[[ DATA SHOWN, beginning ]]

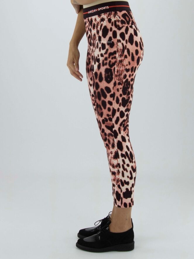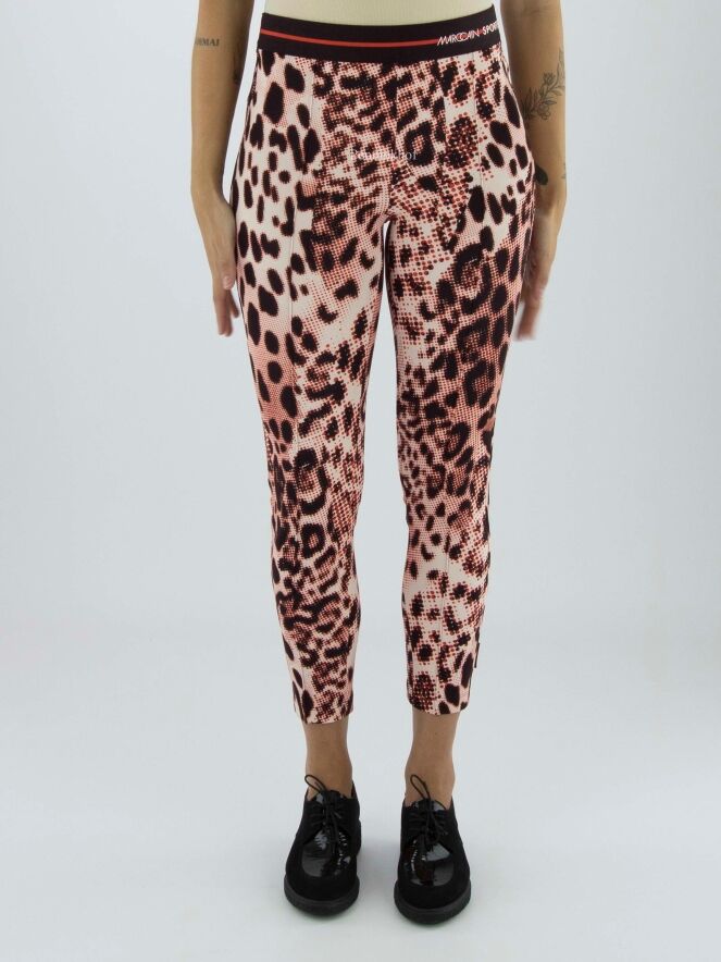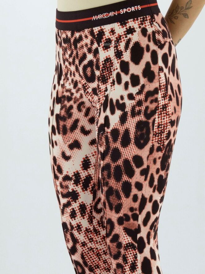 Marc Cain trousers in a graphic panther print with the colours red, cream white and black. There is a black elasticated band at the waist. These trousers may be washed at 30 degrees.
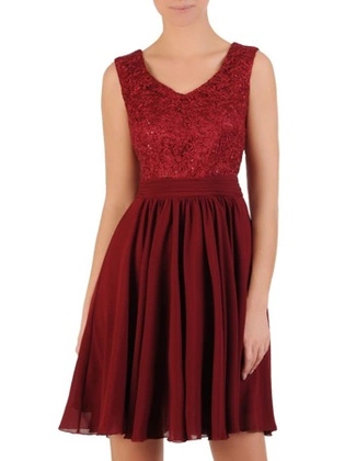 Sukienka z ozdobnym karczkiem, elegancka kreacja z tkaniny i koronki 20003.
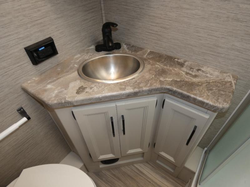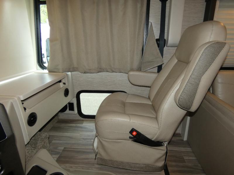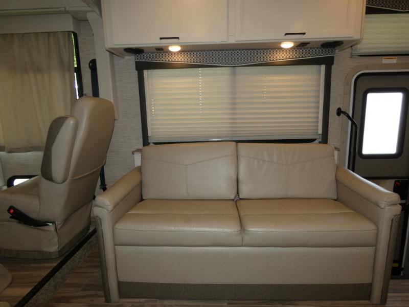 The A.C.E Class A gas motorhome is constructed with a welded tubular steel floor, vacu-bond laminated roof, walls and floor with block foam insulation, and a premium one-piece exterior roof for a coach made to last. You will love the pet-friendly features, like the Bird's Eye window, the Pet-Link multi-purpose tie-down and the Pull-Out Kibble Station with an FDS approved pet bowl liner. Each model includes an Onan RV QG 4,000 gas generator, a Winegard ConnecT Wi-Fi extender +4G, and are pre-wired for solar charging. Some of the other convenient amenities you will find on the A.C.E are frameless windows, a basement pass-through storage, and an exterior LP connection. Head inside to find residential vinyl flooring, pressed laminate countertops, glass tile backsplash in the kitchen, and a designer headboard, bedspread and pillow shams in the bedroom for all-around comfort!
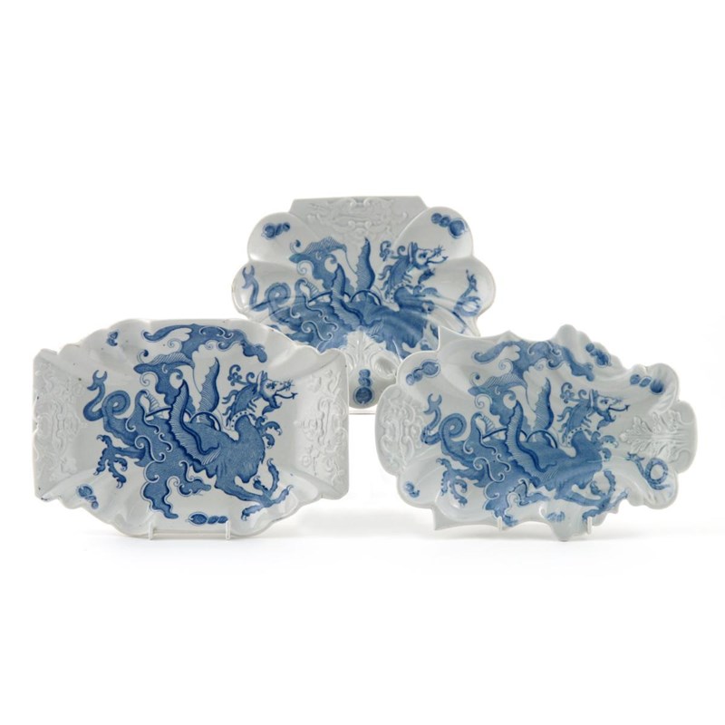 Three Mason's Ironstone shaped dishes 19th century, the three differing elaborate forms printed with large winged dragons, printed and impressed marks, 28.5cm max. (3)
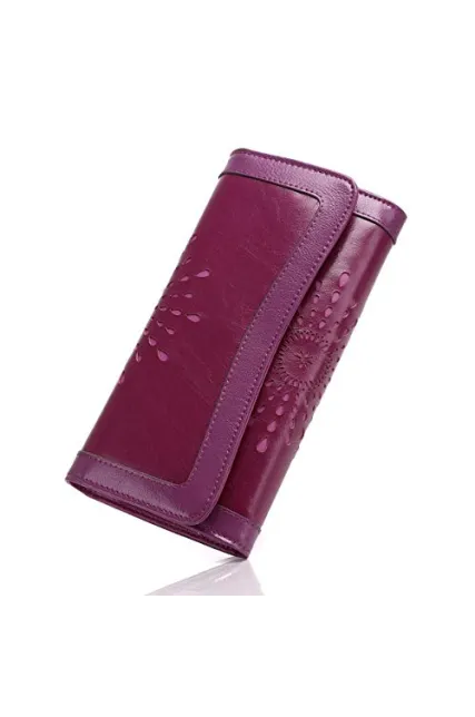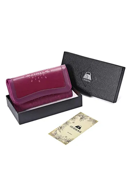 OURBAG Women Leather Wallet Clutch Purse Card Holder Ladies Hollow Out Long Wallet
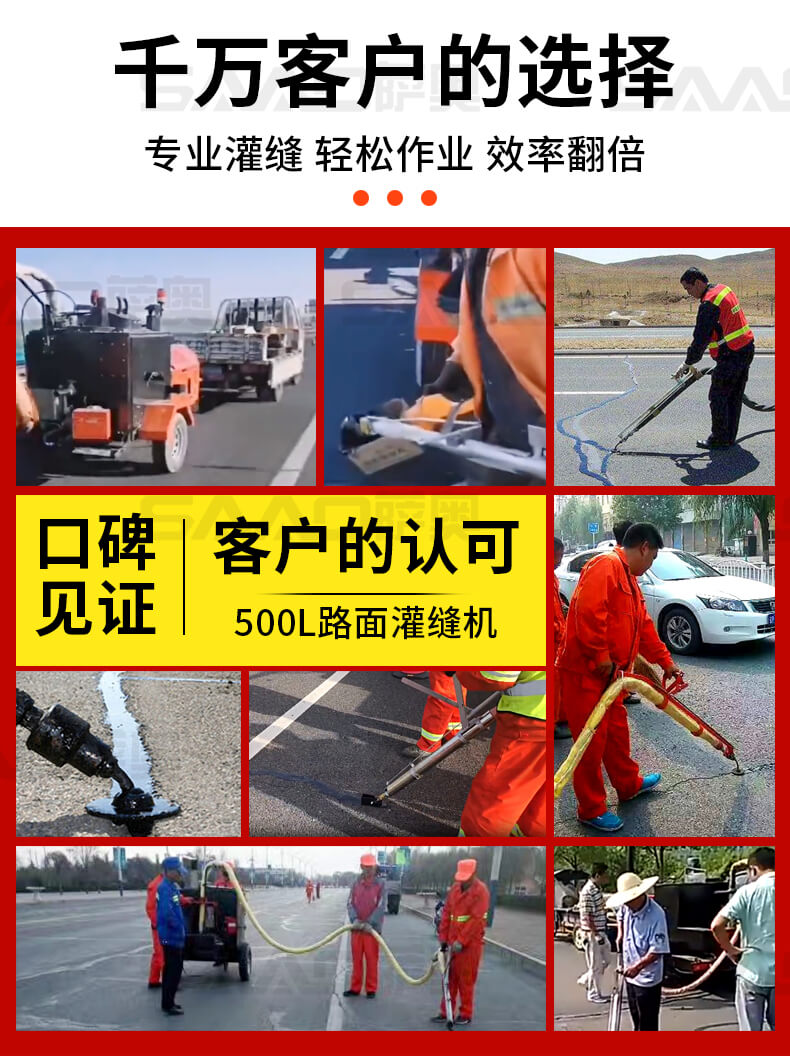 SGF-500路面灌縫機(jī)適用于瀝青路面或水泥路面裂縫密封灌縫,是中、大型路面裂縫養(yǎng)護(hù)工程量施工首選設(shè)備。
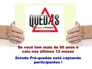 A pesquisa precisa de pessoas com 60 anos ou mais que tenham caído ao menos 1x nos últimos 12 meses para participar deste estudo. Interessados(as) enviar nome e telefone para: centralprevquedas@gmail.com. O estudo investiga se um Programa de Prevenção de Quedas de 12 encontros 1 x por semana de exercícios físicos + grupo de discussão + monitoramento médico reduz o risco de cair. Será feita uma avaliação prévia para identificar risco de cair.
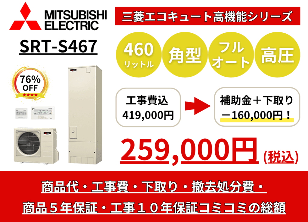最新のエコキュートが業界激安クラス、工事費込み最大78%OFFでご提供します!
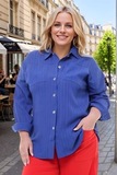 Оригинальная удлиненная рубашка прямого кроя. Круглый вырез с классическим отложным воротником. Рукава полной длины с приспущенной проймой по низу оформлены манжетами с пуговками (при желании можно присобрать патами). Модель застёгивается на оригинальные пуговки под планку. Кокетка на груди и закругленные бока способствуют оптимальной посадке по фигуре. Объемные накладные карманы на груди добавляют модели оригинальности. Закругленный нижний край по бокам не сковывает движений и искусно обыгрывает фигуру, маскируя мелкие недостатки. Рубашка отлично сочетается как с брюками, так и с легинсами.

[[ DATA SHOWN, end ]]

Both ends included, copy word for word the lines from the top of the entries above through the line with "Sukienka z ozdobnym". No pictures.

 Marc Cain trousers in a graphic panther print with the colours red, cream white and black. There is a black elasticated band at the waist. These trousers may be washed at 30 degrees.
 Sukienka z ozdobnym karczkiem, elegancka kreacja z tkaniny i koronki 20003.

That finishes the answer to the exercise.